Copy word for word, please, the lines of the entries below running from the one containing "1 F-5出土土器 (第23图36)" to the one containing "Budowa sieci gazowej w Chęcinach", both ends included.

Record extracts
Segment Open
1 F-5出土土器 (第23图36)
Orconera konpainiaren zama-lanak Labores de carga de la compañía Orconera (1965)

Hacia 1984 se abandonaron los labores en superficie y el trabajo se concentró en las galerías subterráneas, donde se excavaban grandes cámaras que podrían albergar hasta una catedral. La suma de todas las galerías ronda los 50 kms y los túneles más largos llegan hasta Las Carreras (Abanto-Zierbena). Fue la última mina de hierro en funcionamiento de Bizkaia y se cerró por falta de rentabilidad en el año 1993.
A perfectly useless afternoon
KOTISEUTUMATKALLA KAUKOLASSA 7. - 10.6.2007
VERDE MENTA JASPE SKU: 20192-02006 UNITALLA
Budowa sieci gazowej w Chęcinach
Segment Closed
Segment Open
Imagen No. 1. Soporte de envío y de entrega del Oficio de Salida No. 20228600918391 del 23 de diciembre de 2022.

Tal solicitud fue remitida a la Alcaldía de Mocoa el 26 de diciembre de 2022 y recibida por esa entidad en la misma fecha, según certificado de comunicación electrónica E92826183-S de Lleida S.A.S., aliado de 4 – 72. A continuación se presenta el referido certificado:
Segment Closed
Finished task
1 F-5出土土器 (第23图36)
Orconera konpainiaren zama-lanak Labores de carga de la compañía Orconera (1965)

Hacia 1984 se abandonaron los labores en superficie y el trabajo se concentró en las galerías subterráneas, donde se excavaban grandes cámaras que podrían albergar hasta una catedral. La suma de todas las galerías ronda los 50 kms y los túneles más largos llegan hasta Las Carreras (Abanto-Zierbena). Fue la última mina de hierro en funcionamiento de Bizkaia y se cerró por falta de rentabilidad en el año 1993.
A perfectly useless afternoon
KOTISEUTUMATKALLA KAUKOLASSA 7. - 10.6.2007
VERDE MENTA JASPE SKU: 20192-02006 UNITALLA
Budowa sieci gazowej w Chęcinach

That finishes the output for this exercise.